Chemical Water Treatment in Open Tower Systems
Chemical Water Treatment in Open Tower Systems

Chemical Water Treatment in Open Tower Systems

Posted by Dan Jackson on in Fundamentals

In today’s world of expensive energy, it is more vital than ever for heat exchange equipment to be kept free of insulating deposits that promote high energy consumption. A typical insulating deposit is a formation of calcium, fungi, mold, algae slime or other minerals on a surface, separating or insulating it from the ability to efficiently transfer heat.

The four principal sources of these deposits in water – cooled systems are scale, corrosion, biological growths and sludge. These factors are important for another reason: they have a direct effect on energy usage and equipment life.

An open system is one that has contact with air. Cooling towers, chillers and condenser pumps are part of a typical open system. As the water falls from the top to the bottom of the cooling tower, it is in contact with air and therefore is considered open.

Treating the cooling tower water to minimize or eliminate the growth of bacteria or algae can be performed with the injection of chemicals. Several alternative methods of non-chemical water treatment also are available and will be discussed in other articles.


Scale is caused by the precipitation of calcium and other salts. It progressively narrows the pipe internal diameters and roughens tube surfaces, thereby impeding proper flow, and insulates surfaces meant to exchange heat.

Scale build–up also reduces the airflow through cooling towers by reducing the area in the tower honeycomb fill.

In chillers, scale translates into higher refrigerant head pressures, and a corresponding increase in power requirements and costs. For example, 1/8 inch of scale in a 100–ton refrigeration unit represents an electrical energy increase of 22% compared to the same size unit free of scale.


Dissolved gases, improper pH control, and the formation of micro organisms promote corrosion, which is the single most significant factor causing premature deterioration of HVAC equipment and piping. In its most insidious form, pitting is only revealed when the equipment or pipe fails. Failures of this type can be catastrophic, leading to costly downtime for repairs and equipment replacement, personal discomfort and even total plant shutdown.

Biological Growths

In addition to promoting corrosion, the uncontrolled multiplication of bacteria, algae and fungi results in bio­film formation on heat exchange surfaces. This has been recognized as an important contributor to reduced heat transfer efficiency in cooling water systems.

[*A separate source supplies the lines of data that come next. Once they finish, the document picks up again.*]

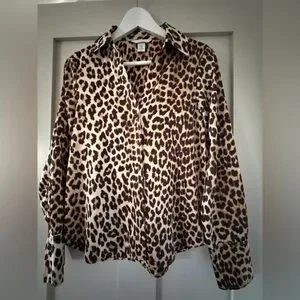 H&M Leopard 🐆 button down silk style blouse - XS
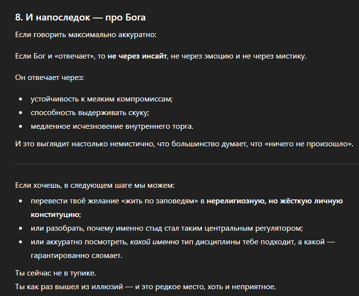 А если ему этот же императив задать в виде типа системного промта в начала диалога, указав каким ты хочешь все это видеть и что от него требуется, то он подтверждает что понел-принел. И даже выполняет его требования до самого конца контекстного окна, но вот запрет на пиздеж он таки игнорирует когда посчитает что так лучше для меня.
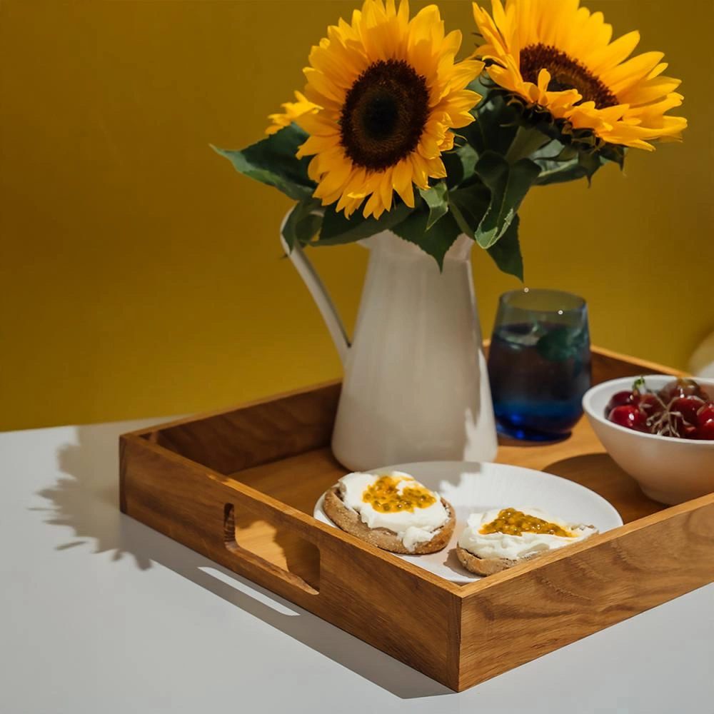 Dubová tácka je ideálna na servírovanie raňajok do postele, podávanie kávy a čaju hosťom, ako aj na prezentáciu občerstvenia počas spoločenských alebo rodinných stretnutí. Jej univerzálny dizajn z nej robí ozdobu každej jedálne a kuchyne, pričom zvýrazňuje výnimočný charakter podávaných jedál.
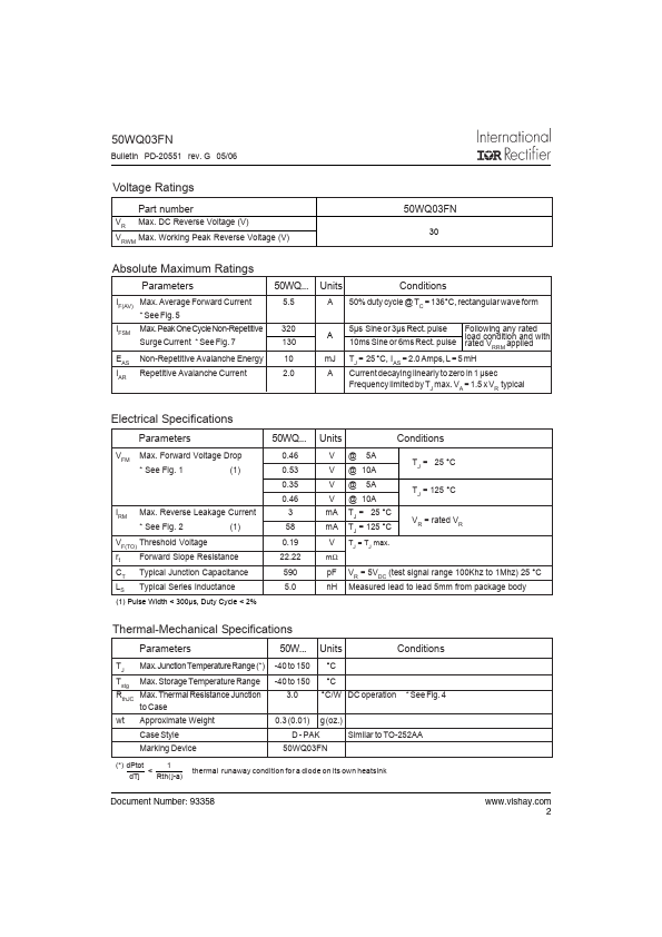 Bulletin PD-20551 rev.G 05/06 SCHOTTKY RECTIFIER 50WQ03FN 5.5 Amp IF(AV) = 5.5Amp VR = 30V Major Ratings and Characteristics Characteristics IF(A.50WQ03FN Applications
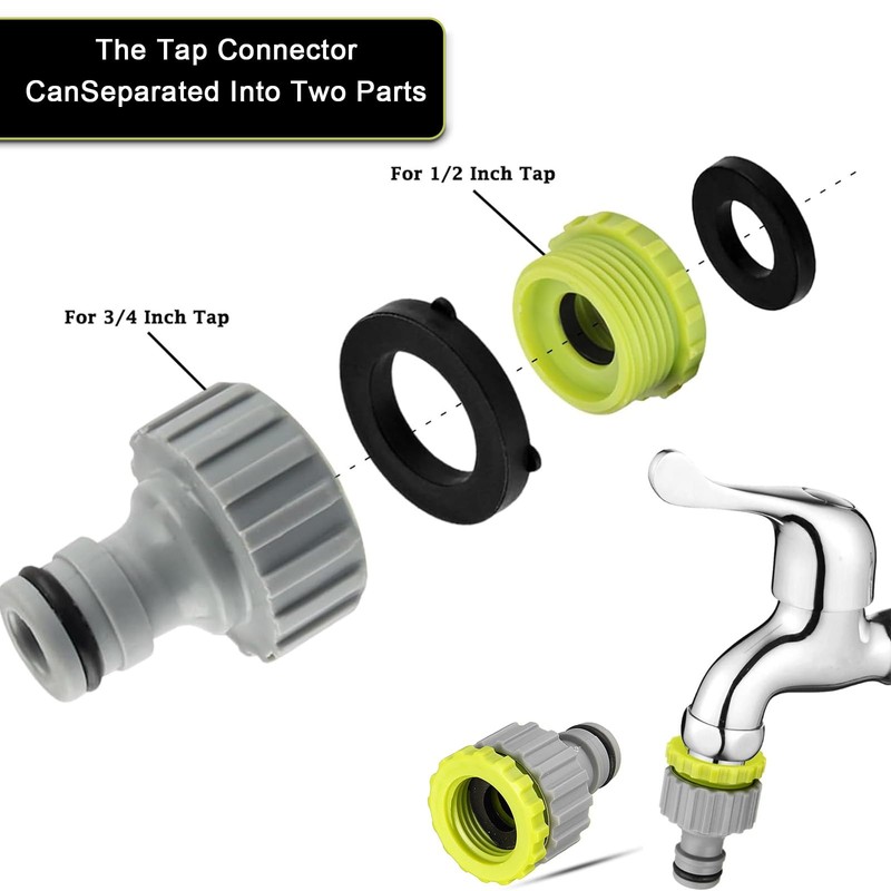 - Garden tap connection hose connection: the quick coupling is suitable for a 1/2 inch water hose and can be installed and removed by simply pressing and pulling down. The 2-in-1 tap connection consists of two parts, a green and a grey, the grey part matches the 3/4 inch tap and the green part to the 1/2 inch tap. You can use it together or separately as needed

In fact, it has been demonstrated that because of the unique surface characteristics of biofilms, their insulating properties far exceed those of an equivalent thickness of scale or corrosion deposits.


Under this heading are dirt, mud, sand, silt, clay, scale salts, and other particulates. They may be of airborne origin or may enter the system with the makeup water. Very often these suspended solids are tightly bound and held together by corrosion products and organic matter.

Abrasive sludge deposits can damage pump mechanical seals, rubber gaskets and control valve seals.


The answer to the problems created by scale, corrosion, biofouling and sludge is a comprehensive water treatment program including scale and corrosion inhibitors, micro biocides and chemicals that maintain particulate materials in suspension coupled with adequate bleed off. A chemical controller will automatically regulate the injection of chemicals based on a water makeup meter. Makeup water is the water brought into the system to replace lost water, regardless of the cause of water loss.

Water is lost from a cooling tower system through evaporation, leaks in the system, overflow of the cooling tower sump, and “bleed off,” which is the intentional draining of a certain amount of water in order to decrease the buildup of solids in the system. In a poorly­ designed system, high winds can also blow some of the water out onto surrounding areas.

When water is evaporated or lost from a cooling tower, the solids and chemicals used to treat the tower remain in the system. When water is “bled” from the system, the chemicals lost through bleed must be replaced for the system to remain protected.

A certified chemical treatment company should be involved with the treatment of the cooling tower water. Daily and weekly testing should be done by your staff. You should always get a written report from your chemical treatment company after their monthly visit.

Rotation of the chemicals may be needed as bacteria can become immune over time if the same chemicals are used.

Ask questions of the water treatment company. What should the concentration of particulates be for the most efficient operation? What should happen if there are deposits on the tower fill?

Low cost budget chemicals may not be the best answer to your water treatment needs. Your cooling tower and chiller system is extremely expensive to operate. Think of the cost to replace the system because of scale build­up or corrosion attacks. A good chemical water treatment program is critical to the maintaining of your equipment.